Sky Force review – Akshay Kumar stands tall in threadbare air-war flagwaver
Kumar does his best to inject some humanist gravitas into a film set during the 1965 India-Pakistan war, that is otherwise obsessed with duty and sacrifice
The hope is that the Hindi mainstream is learning from its current spell of commercial turbulence. The evidence, alas, suggests otherwise. For Republic day in 2024, we got Fighter, a glossy all-star flypast that aped Top Gun: Maverick with added flagwaving; despite a considerable promotional push, it divebombed at the box office.
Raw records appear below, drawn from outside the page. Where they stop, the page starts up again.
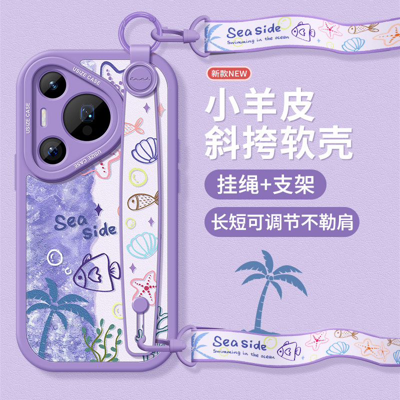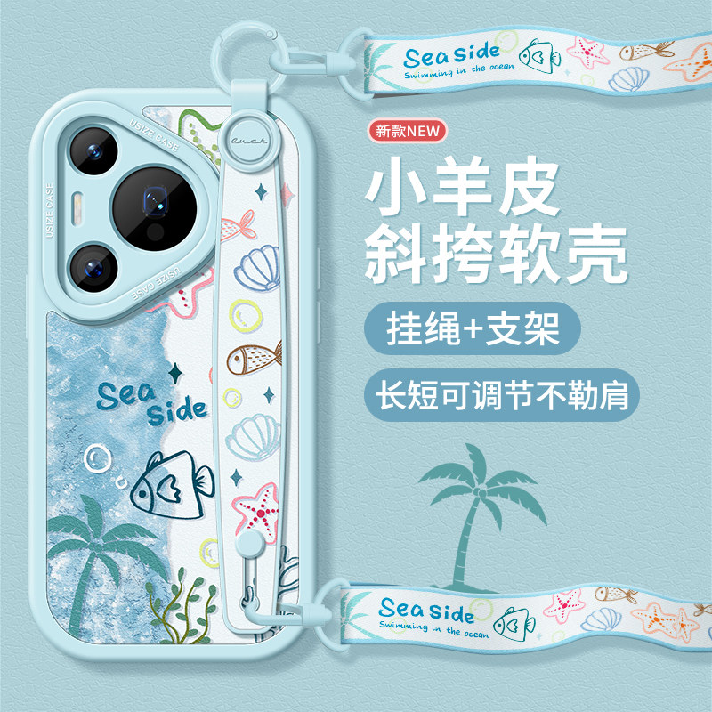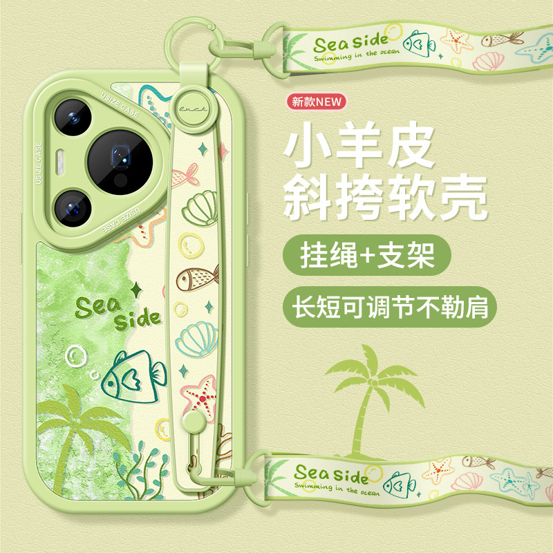 适用华为pura70pro手机壳腕带p60保护套挂绳p40女款支架p50e硅胶防摔p30/20新款夏威夷小鱼huawei全包软外壳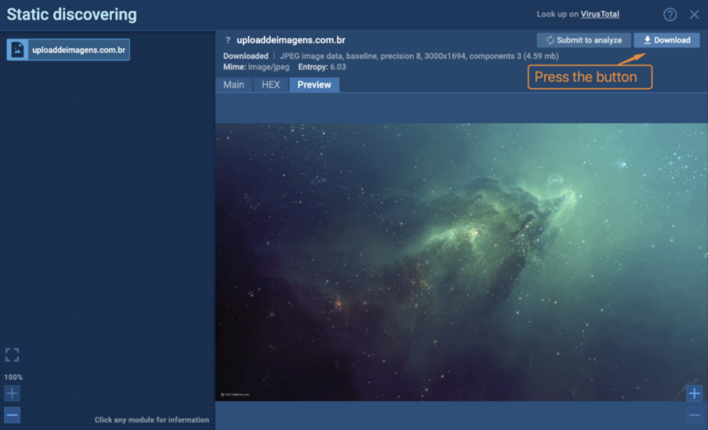 1. While still in ANY.RUN, download the image by clicking on the Download button.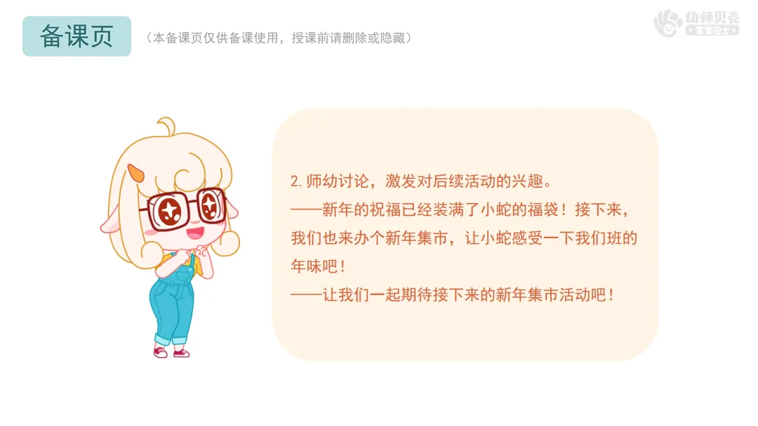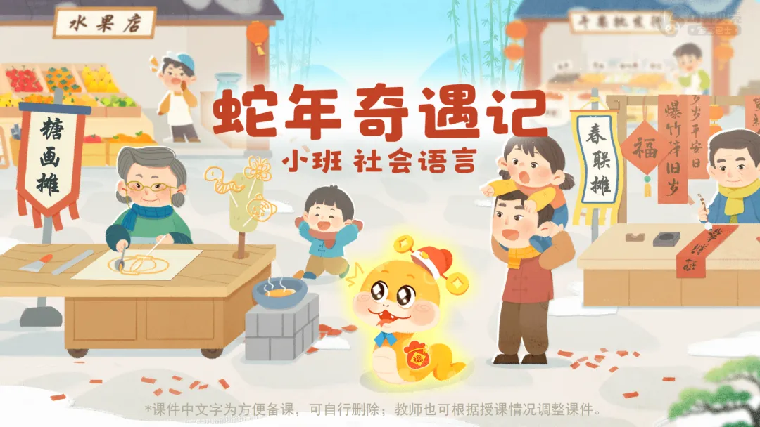 ——新年的祝福已经装满了小蛇的福袋!接下来,我们也来办个新年集市,让小蛇感受一下我们班的年味吧!

This year, we get Sky Force, a period variation on much the same theme, unpicking the fallout from an Indian strike on a Pakistani airbase during the conflict of 1965. While avoiding complete crash-and-burn, directors Abhishek Anil Kapur and Sandeep Kewlani are but tinkering within an increasingly resistible framework.
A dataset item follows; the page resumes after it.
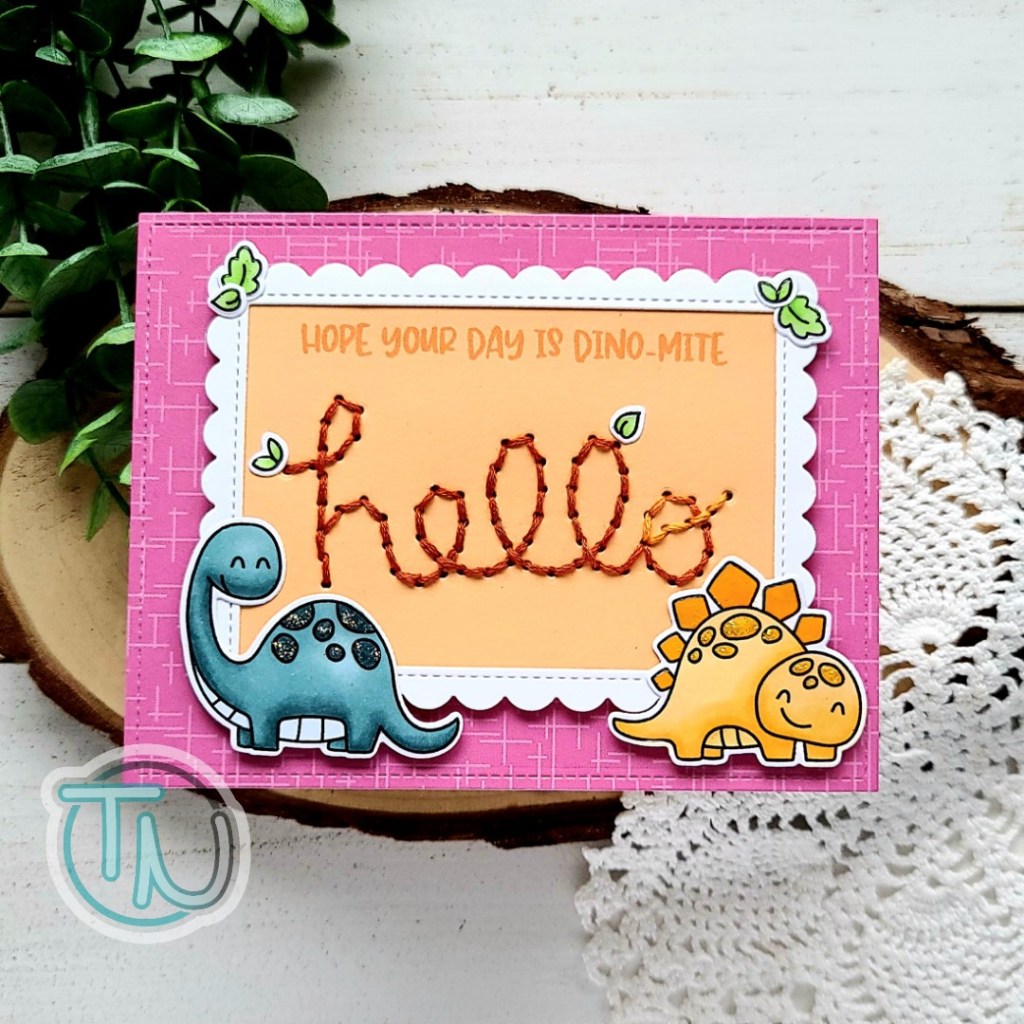 This dino one is my absolute favorite. I have a serious affliction for dinosaurs and these guys are adorable. The paper is an old Avery Elle pad I had in my stash and the stamps are also Avery Elle – Rawr.

For starters, this sortie is sober rather than flashy. Scenes are timestamped to underline the factual basis; the xenophobia gets dialled down as far as the genre allows. Yet the arms budget has also been slashed in Fighter’s wake. It’s not so noticeable on the ground, where Akshay Kumar’s upright Group Captain Ahuja briefs his squadron of young Tigers: flyboys with try-hard call names like Cockroach, Panther and Bull. (Imperfectly-chiselled, almost-hunky newcomer Veer Pahariya draws the short straw as Tabby, Sky Force’s own Private Ryan.) You can’t, however, miss the cheapness up in the air, where every dogfight has the look of cutscenes from a mid-90s PlayStation game.